Pour financer vos investissements en prévention des risques,peut-être ne le savez-vous pas, l’Assurance maladie – Risques professionnels met à votre disposition diverses aides financières. Mais elles sont limitées dans le temps. Et vont arriver à leur terme le 31 décembre prochain. Ces aides peuvent êtresubstantielles puisqu’elles peuvent atteindre les 25 000 euros.

  • Pour prévenir les risques de chute et de TMS dans les entreprises de fabrication et de logistique, l'Assurance Maladie-Risques professionnels propose l'aide financière Filmeuse +. Elle concerne les entreprises de fabrication et de logistique de moins de 50 salariés. Plafonnée à 25 000 euros, Filmeuse + est une aide financière d’un montant de 50% de l’investissement HT, qui permet à une entreprise (Siren) d’acheter une (ou plusieurs) filmeuse : filmeuse à plateau rotatif, filmeuse à bras tournant, housseuseautomatique.
  • Pour améliorer la sécurité et l’hygiène sur les chantiers du BTP, l’Assurance Maladie-Risques professionnels propose l’aide Bâtir + pour acheter des équipements adaptés permettant de réduire l’exposition aux risques lors de situations de travail spécifiques au BTP : les déplacements lors des accès aux bâtiments en construction, le franchissement de fouilles non remblayées, les déplacements sur des dalles disposant de trémies d’escalier ; les manutentions pour l’approvisionnement du poste de travail et la réalisation des ouvrages. Bâtir+ est une subvention de 40% du montant hors taxe de l’investissement, dans la limite d’une subvention totale de 25 000 € par entreprise. Ce taux pourra même monter à 50% pour l’ensemble si un bungalow est inclus dans la réalisation.
  • Stop Amiante est une aide financière qui s'adresse aux entreprises du régime général et de moins de 50 salariés. Les secteurs concernés sont : le bâtiment, les travaux publics, le nettoyage et la maintenance (CTN A, B, C ou I). Elle permet d'acheter du matériel spécifique et performant pour réduire les expositions aux fibres d'amiante. L'aide peut aller jusqu'à 40% du montant hors taxe de l’ensemble des investissements. Elle ne pourra pas dépasser 25000 euros. Les équipements financés par Stop Amiante font partie d'une liste pré-définie : aspirateur équipé d’un filtre à Très haute Efficacité (THE) doté d’un système de changement de sac en sécurité ; dispositif de production et distribution d’air de qualité respirable ; masque complet à adduction d’air ou à ventilation assistée type TM3P ; unité mobile de décontamination porté, tracté ou autonome.
  • Une aide pour financer la formation, l'évaluation et la mise en place d'un plan d'actions contre les risques de troubles musculo-squelettiques. Il s’agit d’une aide financière pour initier et formaliser un projet de prévention en entreprise. Elle s’adresse exclusivement aux entreprises de 1 à 49 salariés en France. Plafonnée à 25 000 euros (hors taxe), cette aide peut financer 70 % du montant des prestations suivantes : la formation d’une personne ressource en interne et/ou une prestation ergonomique pour la réalisation d’un diagnostic de prévention des TMS, incluant l’étude des situations de travail concernées et le plan d’actions.

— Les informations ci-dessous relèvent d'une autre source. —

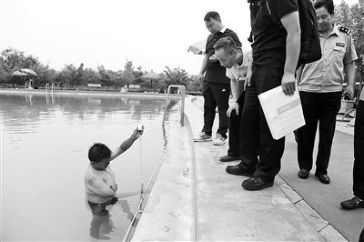為了了解事發(fā)現(xiàn)場的具體情況,昨天,本案承辦法官前往事發(fā)地,對本案進行現(xiàn)場勘驗。根據(jù)現(xiàn)場情況,梅女士溺水的事發(fā)地位于一處露天泳池。經(jīng)勘驗,泳池約為長方形,南北分為兒童區(qū)和成人區(qū)。成人區(qū)水深1.3米,水池為平底,東西長約45米,南北長約30米。泳池四周各有一個救生觀察臺。梅女士出事地點位于泳池成人區(qū)的東南角,經(jīng)工作人員在水中實地測量,水深1.3米,最近的救生觀察臺距出事地點約為10米。
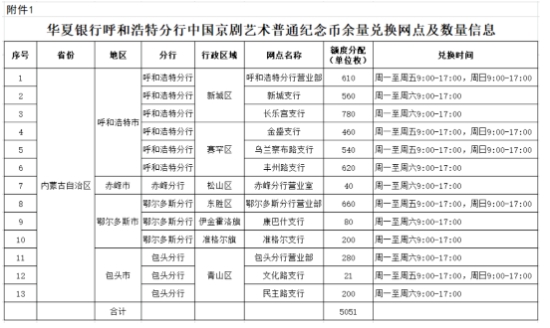 附件:华夏银行呼和浩特分行中国京剧艺术普通纪念币余量兑换网点及数量信息
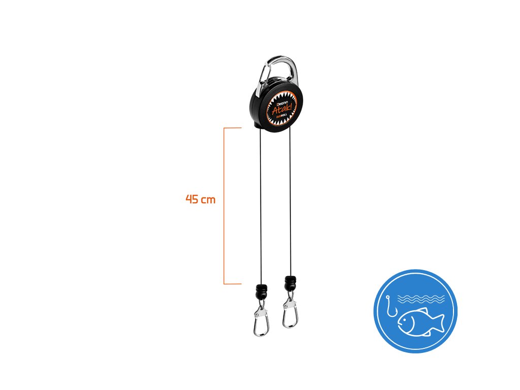 DuoROLL je dvojité jojo, které se nepochybně stane praktickým pomocníkem nejednoho příznivce přívlače. Disponuje dvěma samostatnými karabinkami, na které lze upevnit různé přívlačové příslušenství, ať už jde o kleště, peán nebo nůžky. K oblečení je DuoRoll možné uchytit pomocí pevné kovové karabinky ve vrchní části, díky které se nemusíte bát jeho ztráty během lovu. Efektní ATAK! design jen podtrhuje, pro jakou skupinu rybářů je tento produkt primárně určen. Technické parametry: Délka šňůry: 2x45cmDoplňkové parametry
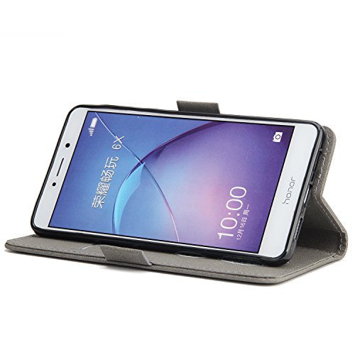 Custodia per Huawei Honor 6X, ISAKEN Custodia in Sbalzato Embossed Design PU Pelle Book Folding Case Glitter Bling Cover, Supporto Stand e Porta Carte Integrati Portafoglio Flip Cover con Chiusura Magnetica Shock-Absorption Protezione Caso - Dream: grigio
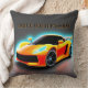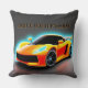 Vibrant Sports Car with Neon Glow Racing Car Throw Pillow
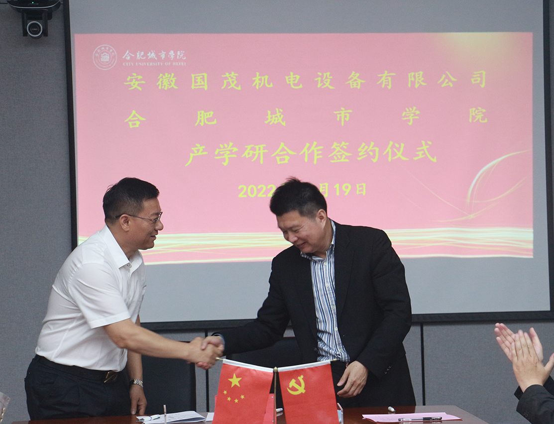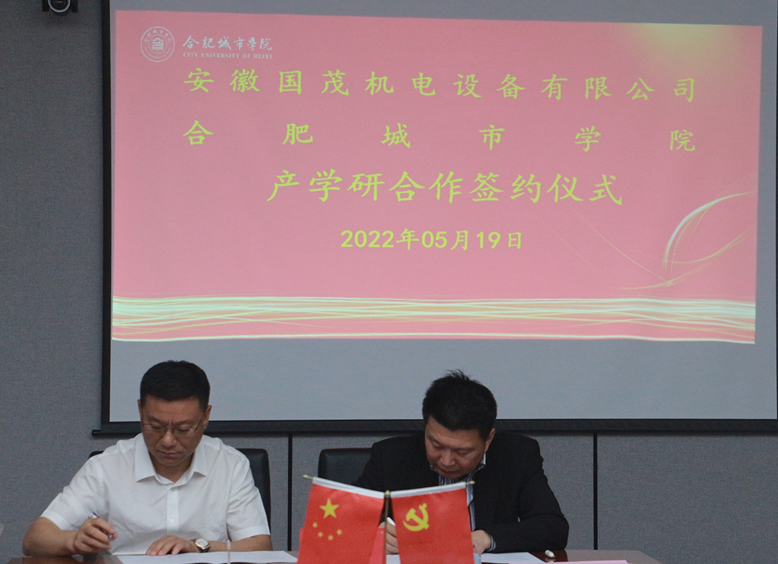 2022年5月19日安徽国茂机电设备有限公司与合肥城市学院签订校企产学研合作事项
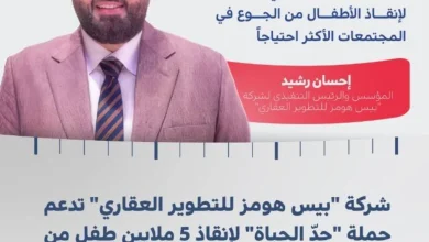 أعلنت شركة بيس هومز للتطوير العقاري أنها انضمت إلى قائمة المساهمين في حملة حد الحياة لإنقاذ 5 ملايين طفل من…
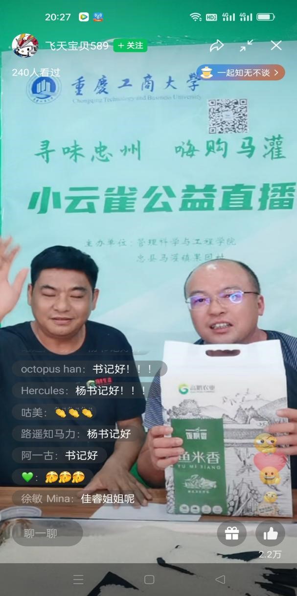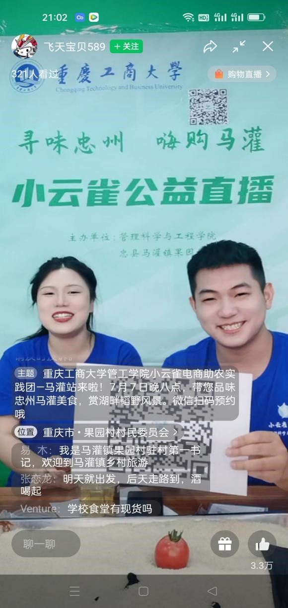 在田间地头的多次调研和直播方案的反复修改的基础上,7月7日,小云雀服务队的老员工们精心准备的“寻味忠州,嗨购马灌”公益直播在忠县马灌镇果园村高鹏农业直播间开播。老员工主播们幽默风趣、青春活泼。他们从产品生产过程、产品特点和产品食用方法等多个角度介绍忠县马灌镇农特产品,并极力推荐马灌镇重点打造的“灌湖水乡”公众号。马灌镇果园村驻村书记杨徐勇和高鹏农业董事长周玉高也来到直播间,为老员工主播助力。
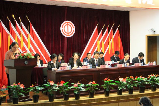 在雄壮激昂的国歌声中,会议正式拉开帷幕。大会由王滟同志主持,上海市教育工会常务副主席王向群致词,戚爱华同志代表学院第二届委员会作了题为《围绕中心、服务大局、为实现学院中长期改革发展规划纲要而努力奋斗》换届工作报告。傅巧玲代表经费审查委员会作了工会经费工作的报告。经大会民主投票选举,王滟等9位同志当选新一届工会委员,李娜等3位同志当选新一届经审委委员。
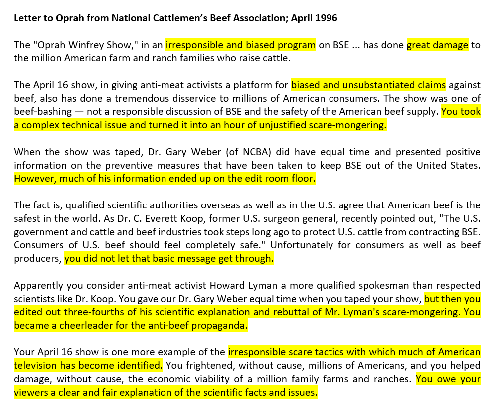 When Oprah faced criticism over using her platform to unjustly tarnish reputations (from individuals to industries) she'd retort with "my show isn't the evening news - freedom of speech!" Here is a letter sent to her from the president of NCBA in 1996 about her reckless conduct.pic.twitter.com/J2Heyk5qNJ
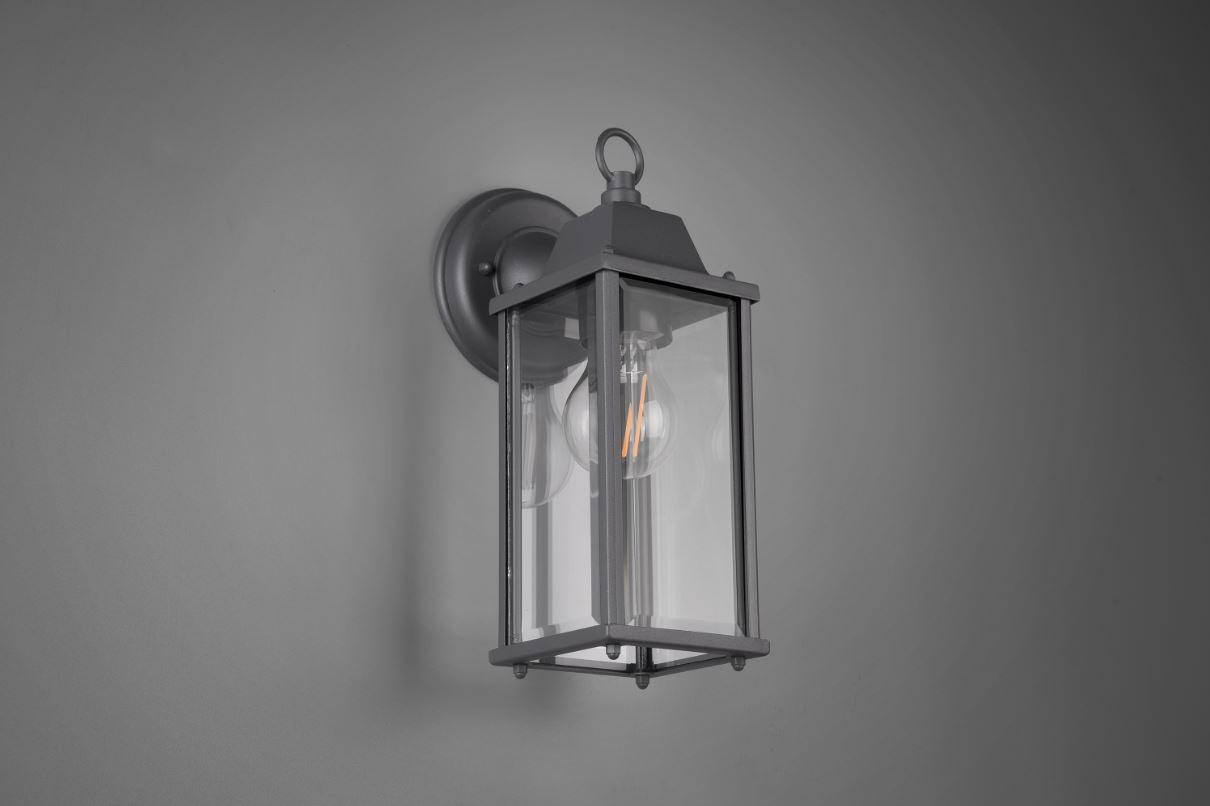 Een klassieke lantaarn van het merk Trio. Deze wandlamp is gemaakt van gegoten aluminium en uitgevoerd in antraciet. Met deze lamp met elegante uitstraling kunt u bijvoorbeeld goed uw entree verlichten. De wandlamp is met een IP-waarde van 23 regenwaterdicht. U kunt zelf de hoeveelheid licht bepalen, daar deze lamp exclusief lichtbron wordt geleverd, mits u het maximale wattage van 40W niet overschrijdt. Achter het transparante heldere glas is plaats voor één E27-fitting. Wij adviseren een mooie filament (led)lamp die gezien mag worden.
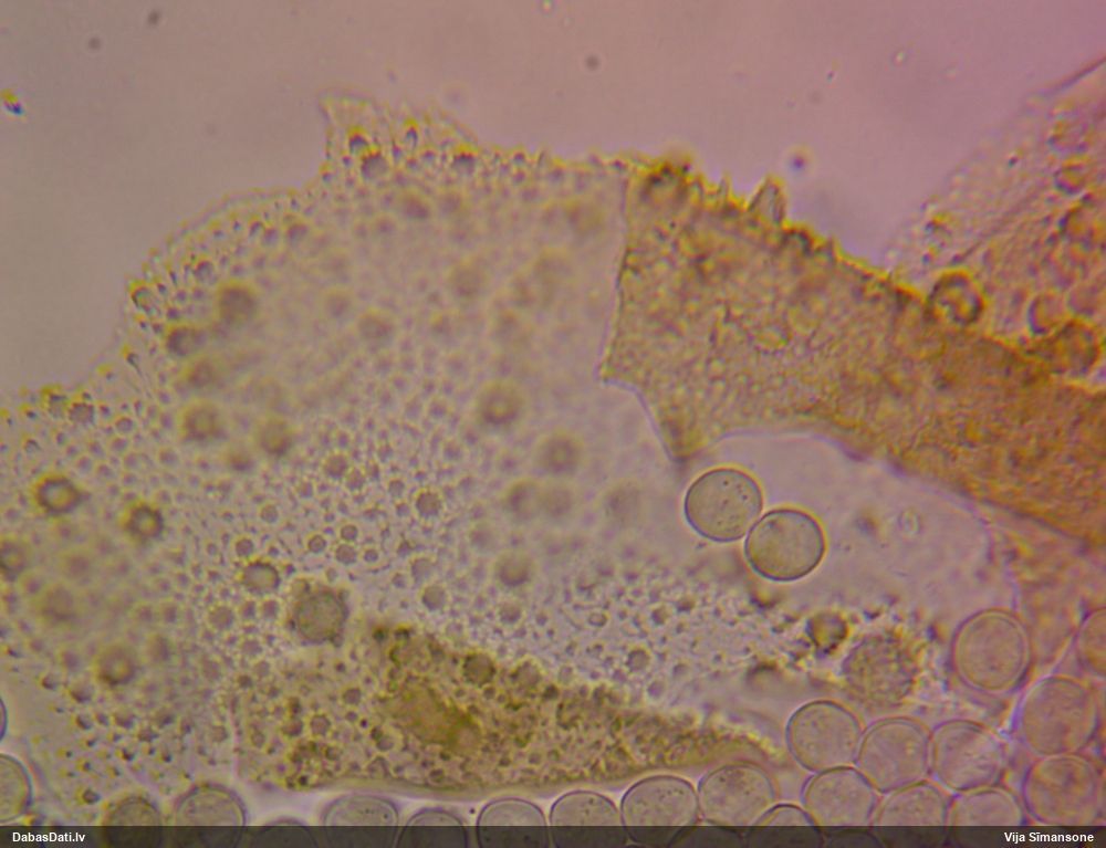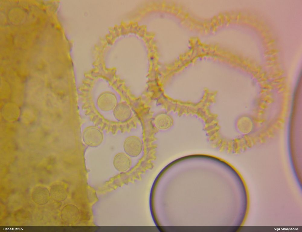 Iveta, izlocītajai ērkulītei sporām nav tīkliņa, te ir. Vismaz par šo sugu ir droši, ka nav. (Pēc ārējā paskata es ar šo versiju izskatīju)

  • Airbonus, une aide financière pour protéger les salariés contre les risques liés au diesel. Airbonus est réservé aux entreprises de moins de 50 salariés, installées en France métropolitaine et dans les DOM dépendant des codes risques suivants : 501ZF, 341ZE, 502ZH, 741GB, 742CB, 743BA. C’est une aide financière, plafonnée, d’un montant forfaitaire de 50 % de l’investissement hors taxes (HT).
 

Pour lutter contre le risque routier, lEU-Osha a mis en ligne un outil qui rassemble des bonnes pratiques pour tous ceux qui conduisent pour leur travail ou qui travaillent sur les routes. Vesafe est un guichet unique pour la sécurité des véhicules destiné à tous les employeurs et salariés de l'Union européenne. Il rassemble des ressources issues des actions de prévention du risque routier menées dans les différents pays de l'Union européenne sur trois thématiques : conduire en toute sécurité pour le travail, travailler en sécurité sur ou à proximité d'une route, utiliser un véhicule en toute sécurité. Après avoir sélectionné le type de véhicule (vélo, autobus, chariot élévateur, taxi...), puis le type de risque, le site propose des bonnes pratiques et des ressources adaptées aux besoins.